In another scenario, you are fed up with having to clean up url paths containing hashes (#) and query parameters (?). Whenever you are trying to pull a distinct count of "/pet-stores", you have to export the page report and clean the rows that contain hashes (/pet-stores#dogs) and query parameters (/pet-stores?internal=true) to get a true read for how much traffic this page has organically generated. Instead of repeating this process each time you pull the report, you can use a “Find and Replace” filter with a regular expression that matches instances of hashes and query parameters and removes them from all page traffic.
As you can see from my examples above, it is very likely that your Google Analytics data faces some instances that challenges its integrity and which would be easily alleviated with the filter function.

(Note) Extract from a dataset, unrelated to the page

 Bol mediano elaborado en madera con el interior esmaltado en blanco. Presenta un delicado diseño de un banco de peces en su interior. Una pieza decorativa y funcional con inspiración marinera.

Having pre-built reports at your disposal makes it easy to coast through the Google Analytics interface and get a general understanding of what is happening with your website, but in order to dig deeper into this data you will have to make use of “Custom Reports". Custom Reporting extends GA’s primary reporting interface by providing users with the ability to generate reports based on business-related criteria. Instead of having to rely on the dimension/metric combinations provided with the default reports, users have full ability to mix and match whatever dimensions and metrics that they please. This feature also allow users to create flat tables or drillable reports (same report format as built-in) with up to five dimensions. And if that isn’t enough to sell the feature, then the ability to filter on fields not present in the report itself should solidify a decision to start using custom reports. No built-in report has anywhere near this type of flexibility or functionality.

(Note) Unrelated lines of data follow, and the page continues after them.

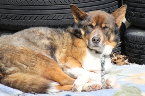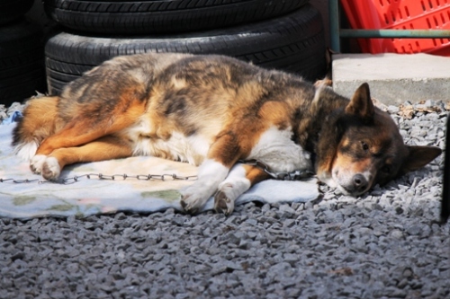 お隣のライト。春の日射しの中で腹を出してお昼寝中。そんなんじゃ、番犬としてのお役目は果たせないよ。毛がまだらに見えるのは冬毛から夏毛への生え替わり中だから?あれ?起こしちゃったかな?
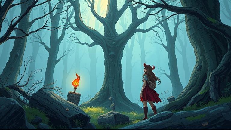 As they ventured deeper into the heart of the forest, the trees grew taller and the foliage thicker. Strange shadows flickered in the corners of their sight, and Flora thought she felt a watchful presence. “Do you feel that?” Flora whispered, gripping the Heartstone tightly.
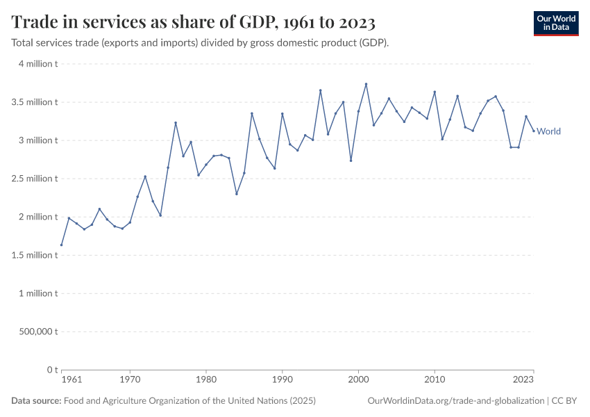 Indeed, if you compare the chart showing the global trade openness index and the chart showing global merchandise exports as a share of GDP, you find that the former is almost twice as large as the latter.
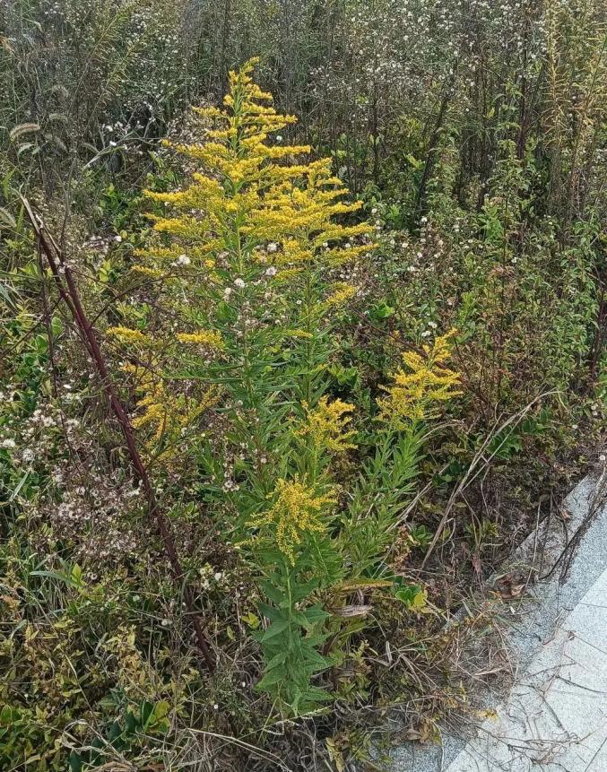 大部分的“加拿大一枝黄花”植株比较高大,能长到快两米,在土地上疯狂生长,其他植物都被挤得没有容身之地。本土的一枝黄花,在“恶霸”的衬托下,都显得比较低矮、柔弱。
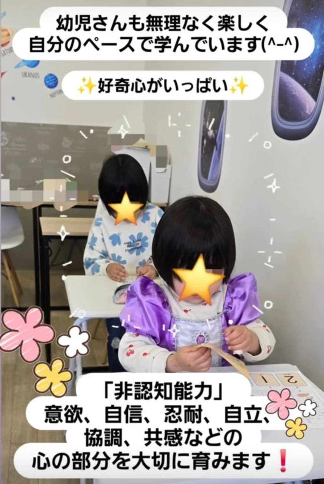 ★学ぶことは楽しいことばかりではありません。途中で挫折しそうになる事もあります。しかし困難を乗り越えやりきった先には素晴らしい景色、未来が待っています。お子様のやってみたい!を応援し可能性をみつけるお手伝いをさせて頂きます。安心安全な場所で楽しく学べ入園入学準備をサポート!
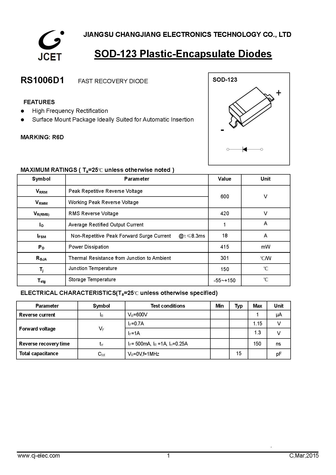 > RS1006D1* 415mw VR 600V SOD-123 長電 快恢復二極管
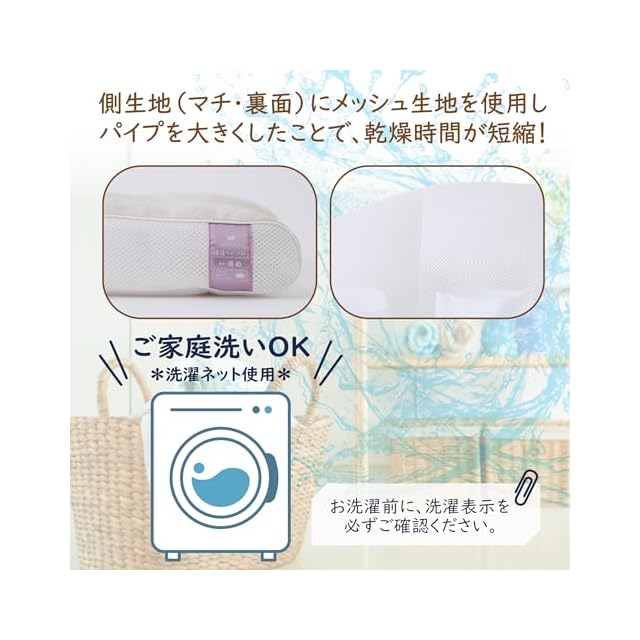 通気性・弾力性のよいソフトパイプはこれまでのものに比べてサイズを少しアップ。マチ・裏地に通気性の良いメッシュ生地を使うことで、お洗濯のあとの乾燥時間が短縮! いつも気持ちよくお使いいただけます。
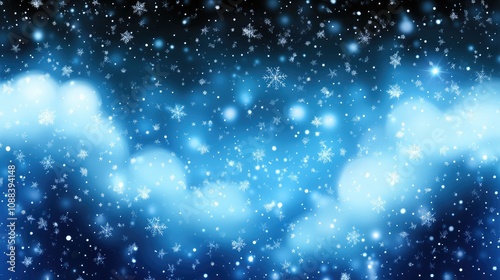 Fototapeta premium A charming winter backdrop filled with delicate snowflakes gently falling against a deep blue night sky. Perfect for enhancing seasonal greetings and promoting holiday themes in various designs
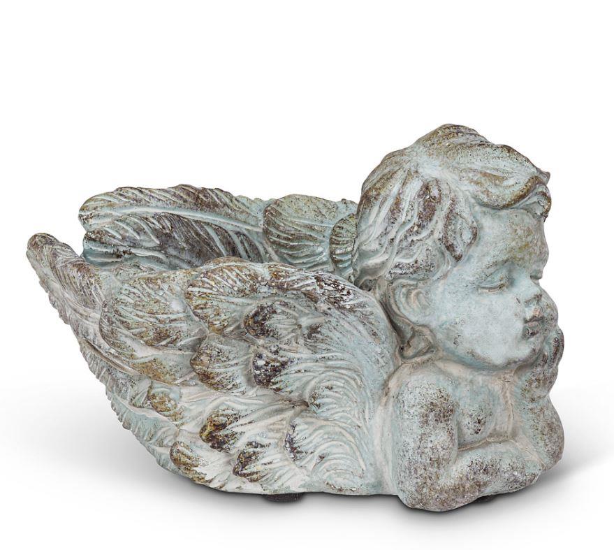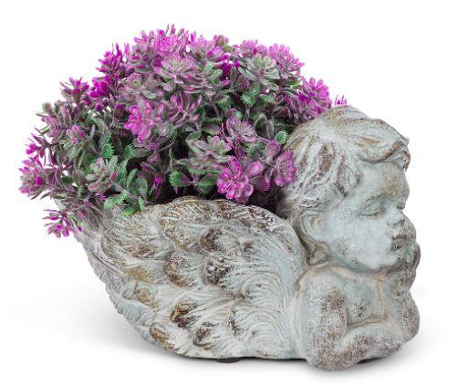 This Resting Cherub Planter makes a heavenly home for your favourite succulents, cacti or small blooms. Crafted out of cement and painted grey to resemble the classic, weathered Romanesque sculpture of yesteryear, this richly detailed and textured planter brings an angelic accent to any plant.

Note: I highly recommend you understand dimension/metric scopes before you start building custom reports. Not all combinations that you may make are relatable and the data that is returned will be incomprehensible. For more information: Google Analytics Scope
Maybe the most difficult feature and analytics concept to grasp for a novice user is the “Segment”. The general definition of a segment, as well as within the context of this feature, is a subset of the analytics data. It takes a sample of the data set population based on certain attributes that are defined by the analyst. For example, if I asked the question, “How much of your overall website traffic is coming from a Google AdWords campaign”, then in technical terms, I am asking to see a segment of your website traffic that is AdWords traffic. I’m isolating my site traffic to better understand how Adwords users interact with with the website compared to other traffic.

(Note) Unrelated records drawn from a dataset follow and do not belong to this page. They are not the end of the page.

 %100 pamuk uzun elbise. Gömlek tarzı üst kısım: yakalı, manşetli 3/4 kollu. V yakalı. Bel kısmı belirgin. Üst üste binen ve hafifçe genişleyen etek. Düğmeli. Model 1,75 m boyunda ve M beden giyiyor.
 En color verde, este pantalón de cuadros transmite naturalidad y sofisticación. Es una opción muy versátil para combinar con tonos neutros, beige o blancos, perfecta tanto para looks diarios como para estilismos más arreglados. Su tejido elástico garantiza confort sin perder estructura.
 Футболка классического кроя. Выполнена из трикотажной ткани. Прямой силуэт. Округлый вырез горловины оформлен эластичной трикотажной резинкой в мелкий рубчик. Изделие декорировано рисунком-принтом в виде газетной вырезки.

Simple right? Well it certainly sounds like it in general terms, but in the context of Google Analytics, there is one nuance that makes this request a little bit more complicated than the definition provided. What differs between the two is the concept of segmenting based on users or sessions. Depending on which option is selected, the information being displayed could tell completely different stories.
Using the “user” segment, you are saying that within the data being presented, include any user that has at least one session where the user visited the website through an Adwords ad. This means that they could have visited the website organically or through another means within this time frame, but at least one session started when the user visited through an AdWords ad.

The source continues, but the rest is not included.